Headroom against the Group's existing facilities at 30 April 2020
was GBP234m as detailed in the Financial Review. This compares to
headroom of GBP165m at 30 April 2019 including a GBP51m increase in
banking facilities that was agreed in September 2019. All of the
Group's principal borrowing facilities have maturity dates outside
of the period under review, therefore the Group's facilities
provide sufficient headroom to fund the capital expenditure and
working capital requirements for at least 12 months following the
date of this report.
As outlined above, the Plan was risk adjusted for the impact of
COVID-19 experience to date and the expected impact on subsequent
trading. The Plan was separately stress tested for the potential
impact of a COVID-19 "second wave" during 2020 and 2021. The
scenario assumed a similar impact as observed in the "first wave"
including the revenue impact of a reduction in vehicles on hire,
closure of vehicle sales operations, and similar reduction in the
volume of insurance related accident and repair claims handled.
Costs were assumed to be mitigated to the extent that they are
directly related to revenue, with an assumption being made that
there would be no further reduction in the indirect cost base of
the Group and no further government support schemes would be
available to access. Capital expenditure was only deferred to the
extent of the reduction in demand and the working capital impact
was assumed to be similar to that experienced in the first wave
without taking further action to re-arrange payment terms with
creditors. After taking into account all of the above variables,
sufficient headroom remained against available debt facilities and
the covenants attached to those facilities, therefore whilst
COVID-19 will continue to have a significant impact on the trading
performance of the Group, it does not create a material uncertainty
on the Group's ability to continue as a going concern.
In addition to the continuance of COVID-19 government
restrictions, the Directors have further considered the resilience
of the Group, considering its current position and the principal
risks facing the business.

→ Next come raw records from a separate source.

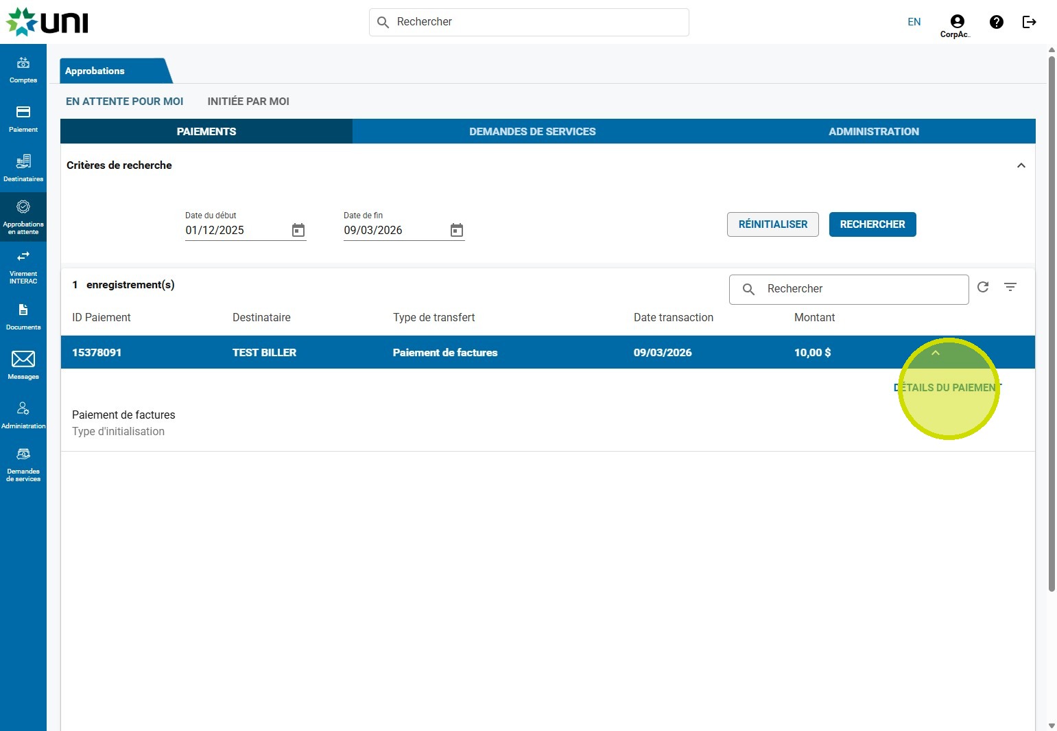 8. Cliquez sur DÉTAILS DU PAIEMENT.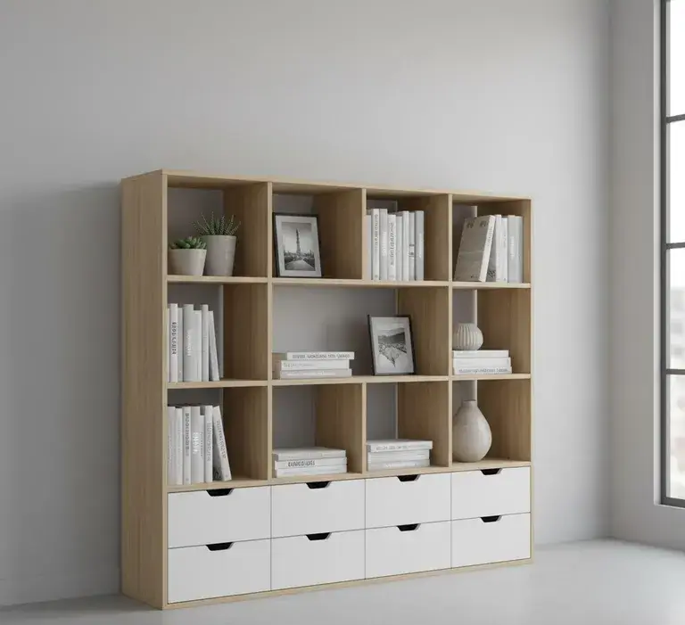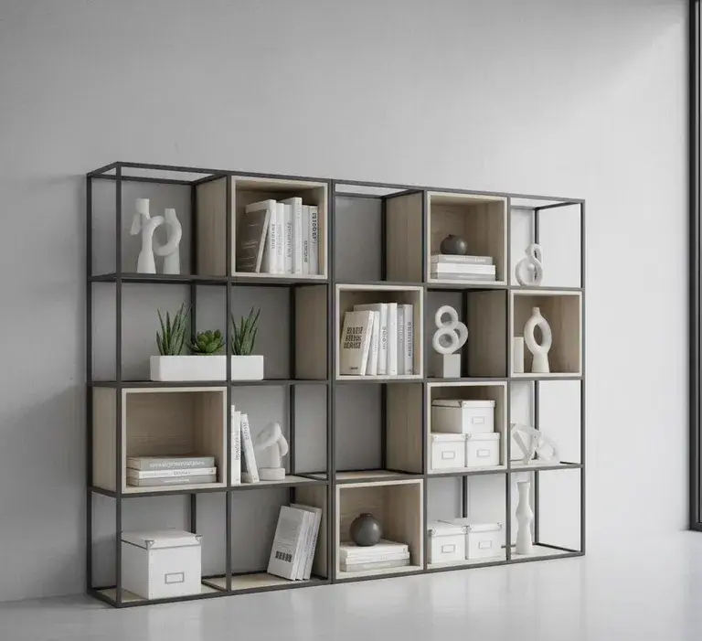Перегородки-стеллажи — решение для офисов и магазинов: конструкция одновременно делит пространство и служит системой хранения. Важно учитывать, что такая перегородка несёт двойную нагрузку: вес товара плюс возможное давление со стороны людей, случайно опирающихся на неё.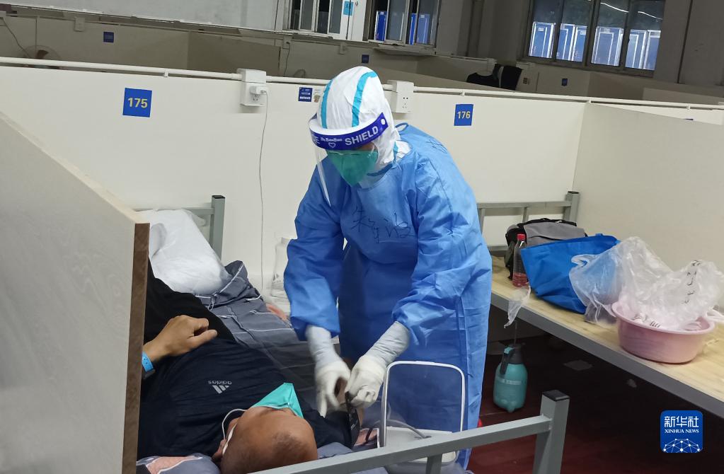 在上海市嘉定区南翔方舱医院,海南省三亚市妇幼保健院ICU护士朱海波在照顾患者(5月12日摄)。新华社发(受访者提供)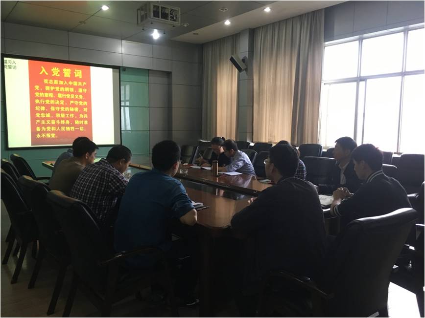石油地质系党支部组织委员胡守志同志主持了本次会议。会议在全体与会党员嘹亮的国歌声中开始,随后全体党员重温了入党誓词、集体诵读了党章。接着,胡守志同志传达了跳高高电子

The Plan was stress tested for severe
but reasonable scenarios over the planned period as follows:
-- Reduction in vehicles on hire with rental customers
-- Reduction in pricing of rental hire rates
-- Increase in the purchase cost of vehicles and other operating
expenses not passed on to customers
-- Reduction in the residual value of used vehicles
-- Significant volume reduction in insurance claims and services
revenue, either in aggregate through lower demand or through ending
the commercial relationship with a key insurance partner
-- Slow down in the time taken to settle outstanding claims with insurers
-- Failure to integrate the combined business as planned, and
therefore not fully deliver Merger synergies
The above scenarios, took into account the effectiveness of
mitigating actions that would be reasonably taken, such as reducing
variable costs that are directly related to revenue, but did not
take into account further management actions that would likely be
taken, such as a change to the indirect cost base of the Group or a
reduction in capital expenditure and ageing of the vehicle fleet,
both of which would generate cash and reduce debt.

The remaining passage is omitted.